Bleeding Edge Alert! Sparse Linear Methods
It’s time for another bleeding edge alert! This is where we talk about some recent research that has promising results, but hasn’t yet made it into the mainstream with recommender systems yet.
In this bleeding edge alert, we’re actually going back to the year 2011 to look at sparse linear methods, or SLIM for short. This came out of the University of Minnesota, which has been a pioneer in the field recommender systems from the very beginning. The results from SLIM were very exciting, and I don’t know why we don’t hear about it being used in industry more. It’s something definitely worth watching and keep an ear out for.
What caught my attention with this paper is how consistently SLIM outperformed a wide variety of competing algorithms, on a wide variety of data sets. Although, they didn’t include SVD++ in their comparisons – but they did compare against many similar algorithms. Also, they measured their success on hit rate, so their focus is very much on top-N recommendations instead of rating prediction accuracy, which again is the right thing to focus on.
But not only did SLIM beat the pants off of everything else on the Netflix data set, it also wins with data set from a book store, from Yahoo Music, from credit card purchasing data, and a couple of mail-order retailer data sets. The only data set where it didn’t come out on top was, ironically, MovieLens – but it placed a close second.

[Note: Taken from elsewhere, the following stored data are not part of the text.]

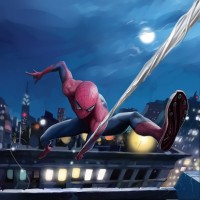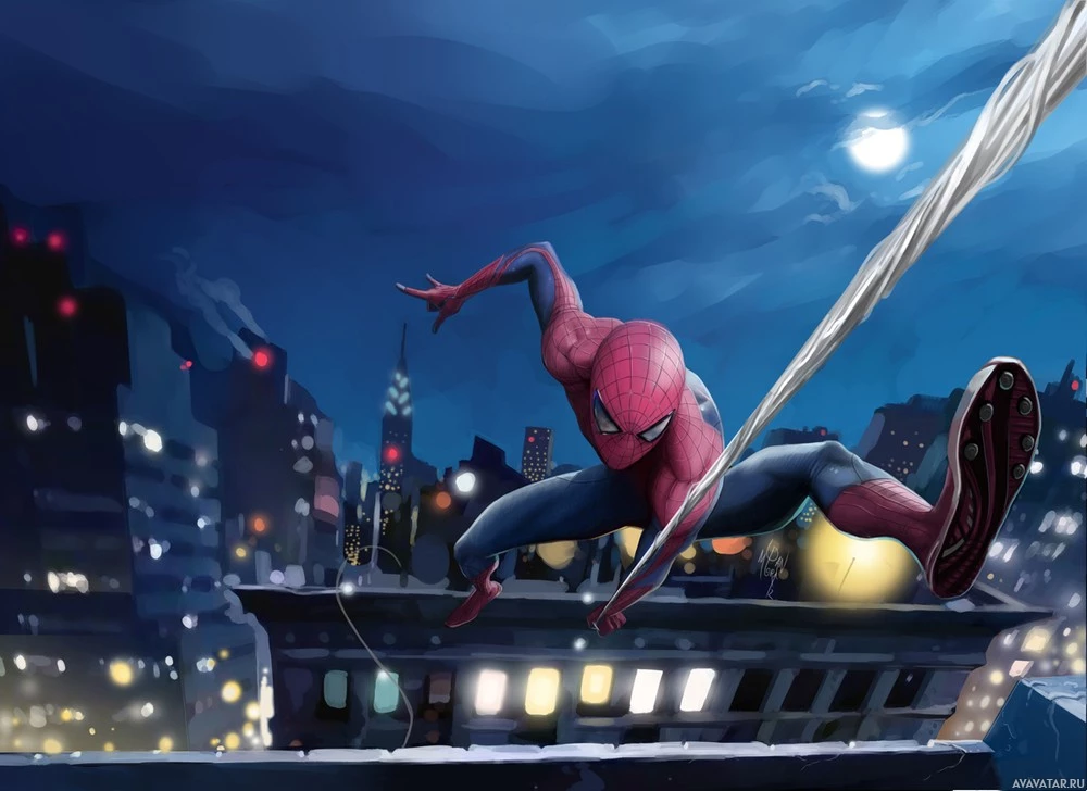 Картинка показывает Человека-паука в его культовой позе. Он сидит в паутине, одной рукой сжимая край здания, на которое он поднимается, а другой рукой, вытянутой наружу, готовой отмахнуться в любой момент. Действие происходит ночью на фоне городского горизонта под полной луной.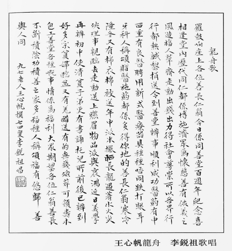 1992年,澳门同善堂成立一百周年时,97岁香港着名撰曲家王心帆为之撰写了一曲“龙舟歌”,由74岁香港着名曲艺家李锐祖说唱: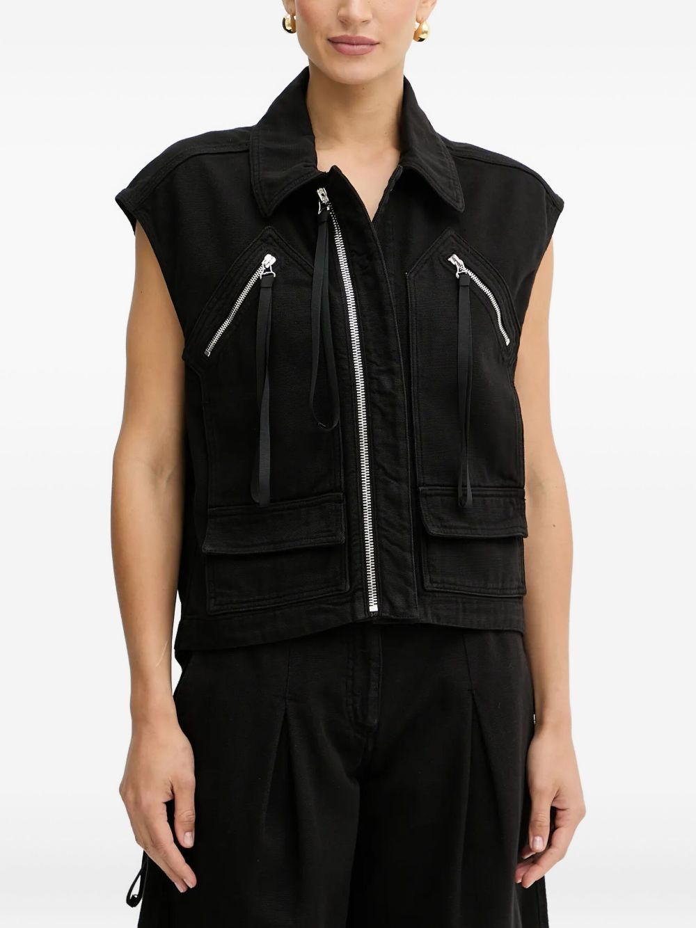 zip-fastening pocket gilet Highlights - Black - Sleeveless design - Zip fastening - Flap pockets - Drawstring detail - Collared neckline Imported Composition Lining: Polyester 100% Outer: Cotton 100% Washing instructions Read Manufacturer Guidelines

The idea behind SLIM is to generate recommendation scores for a given user and item by a sparse aggregation of the other things that user has rated, multiplied by a sparse aggregation of weights, which is where the magic lives. Here’s what the notation in the paper looks like – tilde a sub i-j represents the unknown score for a given user for a given item, and that’s equal to the entire row of stuff that user has rated, here indicated by a sub I T, multiplied by some precomputed weights associated with that row. Because the user has only rated some items and weights only exist for these items, that’s where the word sparse comes from in this method.
So if you extend this idea to the entire user/item rating matrix, it looks like this:
Pretty simple, right? To predict ratings, we just multiply the rating we know about by some magical weight matrix called W. Both A and W are sparse matrices, meaning it contains incomplete data – just the ratings that actually exist.
So the secret sauce is in how W is computed, and this is where it gets complicated. So complicated that a lot of people have trouble implementing it, which might explain why it’s not more widely used. This is just the first couple of paragraphs from the paper that describes how to do it. At its heart, it’s an optimization problem just like we used stochastic gradient descent to learn the matrices in SVD. But you seriously need a higher degree in mathematics to understand what’s going on here. If phrases like “matrix Frobenius norm” and “l1-norm regularization” make sense to you, then knock yourself out. But otherwise, I’ll be snooping around on Github for people who have already implemented this successfully and shared their code for it. I did find one, but the guy who wrote it had trouble getting it to work at scale. It’s not easy stuff at all.
Still, you can’t argue with SLIM’s results, so if you see it offered as part of a machine learning library you’re working with, it’s definitely worth your time to experiment with it. The research community has taken note, and some extensions on SLIM have emerged, such as contextual SLIM and higher-order SLIM, or HOSLIM. Even in the original paper, an extension called fsSLIM, or feature selection SLIM, is described, which restricts SLIM to use only columns most similar to what you want – this improves hit rate ever so slightly.
So if a SLIM implementation comes your way, give it a second look. It’s promising stuff.